§ **INFORMATION SHOWN**
──────────
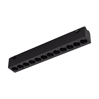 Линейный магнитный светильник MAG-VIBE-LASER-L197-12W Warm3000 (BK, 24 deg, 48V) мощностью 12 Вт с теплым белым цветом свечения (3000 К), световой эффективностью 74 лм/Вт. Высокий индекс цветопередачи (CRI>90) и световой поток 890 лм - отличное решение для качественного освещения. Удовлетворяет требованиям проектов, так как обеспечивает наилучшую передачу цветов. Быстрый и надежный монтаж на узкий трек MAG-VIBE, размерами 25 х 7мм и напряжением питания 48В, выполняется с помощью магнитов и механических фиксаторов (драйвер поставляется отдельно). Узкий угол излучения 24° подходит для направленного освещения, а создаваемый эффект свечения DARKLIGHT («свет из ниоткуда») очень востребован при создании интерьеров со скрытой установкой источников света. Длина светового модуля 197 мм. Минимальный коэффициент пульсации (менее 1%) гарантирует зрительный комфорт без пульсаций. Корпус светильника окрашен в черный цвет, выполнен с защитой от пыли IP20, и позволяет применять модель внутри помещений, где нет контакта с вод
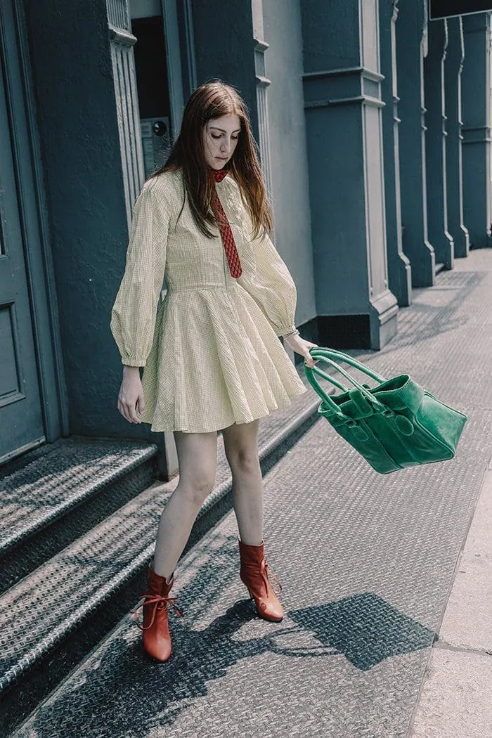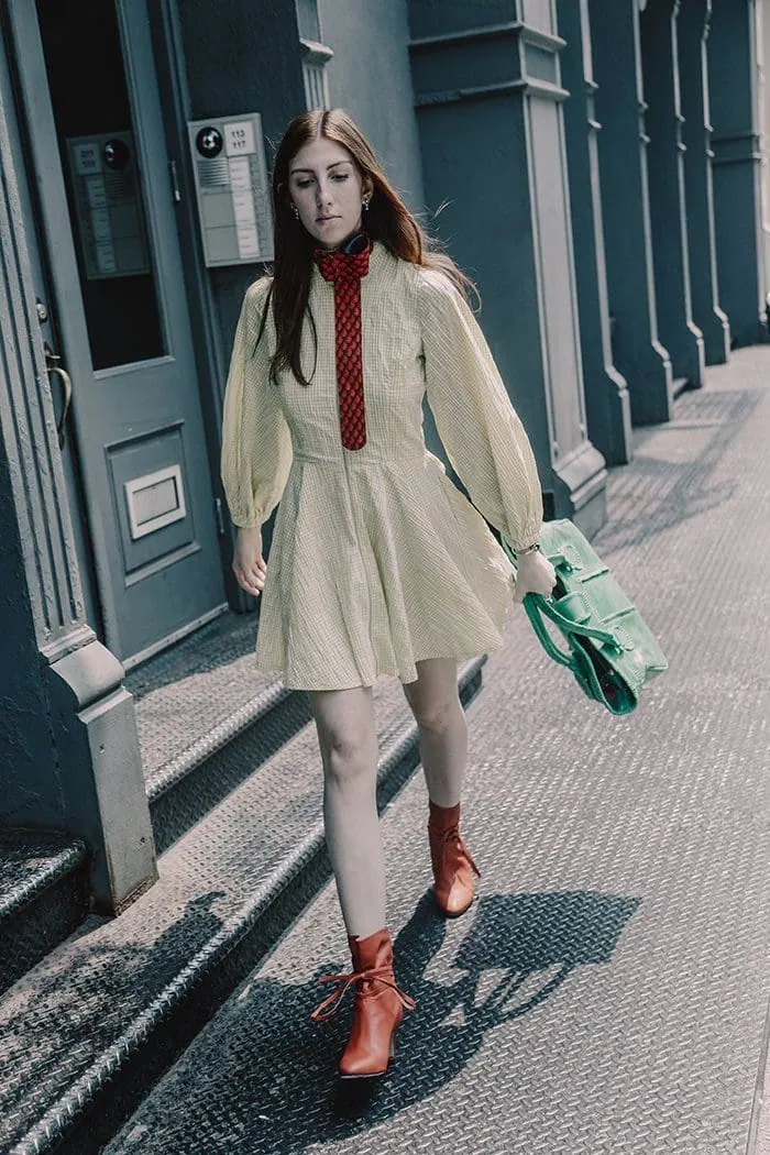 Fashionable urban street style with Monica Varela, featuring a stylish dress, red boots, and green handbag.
──────────
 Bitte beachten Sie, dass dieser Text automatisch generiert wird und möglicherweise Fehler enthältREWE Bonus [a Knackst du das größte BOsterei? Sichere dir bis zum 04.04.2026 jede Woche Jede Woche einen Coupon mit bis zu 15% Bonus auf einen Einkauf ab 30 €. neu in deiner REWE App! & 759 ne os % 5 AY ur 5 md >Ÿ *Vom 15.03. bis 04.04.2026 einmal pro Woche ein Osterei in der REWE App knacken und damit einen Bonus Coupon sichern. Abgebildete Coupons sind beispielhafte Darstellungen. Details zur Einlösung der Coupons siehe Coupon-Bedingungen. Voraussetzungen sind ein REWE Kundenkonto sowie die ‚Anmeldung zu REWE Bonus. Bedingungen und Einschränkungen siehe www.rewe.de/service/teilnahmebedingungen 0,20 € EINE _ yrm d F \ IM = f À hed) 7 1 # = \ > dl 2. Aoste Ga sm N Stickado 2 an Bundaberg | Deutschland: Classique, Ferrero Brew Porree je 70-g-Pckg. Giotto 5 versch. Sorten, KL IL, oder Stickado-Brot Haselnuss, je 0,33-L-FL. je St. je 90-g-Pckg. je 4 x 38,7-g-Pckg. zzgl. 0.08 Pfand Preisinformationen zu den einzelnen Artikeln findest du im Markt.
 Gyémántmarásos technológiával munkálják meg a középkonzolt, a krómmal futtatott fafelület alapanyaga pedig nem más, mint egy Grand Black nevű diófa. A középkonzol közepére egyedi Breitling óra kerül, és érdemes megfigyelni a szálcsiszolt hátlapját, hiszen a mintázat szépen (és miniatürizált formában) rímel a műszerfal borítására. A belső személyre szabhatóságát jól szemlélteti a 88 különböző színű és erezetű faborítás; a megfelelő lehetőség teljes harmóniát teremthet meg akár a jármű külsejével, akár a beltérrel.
──────────
Only the lines of the listing above from the one with "Линейный магнитный светильник" through the one with "Fashionable urban street" should be output, exactly, with both ends kept and pictures left out.

 Линейный магнитный светильник MAG-VIBE-LASER-L197-12W Warm3000 (BK, 24 deg, 48V) мощностью 12 Вт с теплым белым цветом свечения (3000 К), световой эффективностью 74 лм/Вт. Высокий индекс цветопередачи (CRI>90) и световой поток 890 лм - отличное решение для качественного освещения. Удовлетворяет требованиям проектов, так как обеспечивает наилучшую передачу цветов. Быстрый и надежный монтаж на узкий трек MAG-VIBE, размерами 25 х 7мм и напряжением питания 48В, выполняется с помощью магнитов и механических фиксаторов (драйвер поставляется отдельно). Узкий угол излучения 24° подходит для направленного освещения, а создаваемый эффект свечения DARKLIGHT («свет из ниоткуда») очень востребован при создании интерьеров со скрытой установкой источников света. Длина светового модуля 197 мм. Минимальный коэффициент пульсации (менее 1%) гарантирует зрительный комфорт без пульсаций. Корпус светильника окрашен в черный цвет, выполнен с защитой от пыли IP20, и позволяет применять модель внутри помещений, где нет контакта с вод
 Fashionable urban street style with Monica Varela, featuring a stylish dress, red boots, and green handbag.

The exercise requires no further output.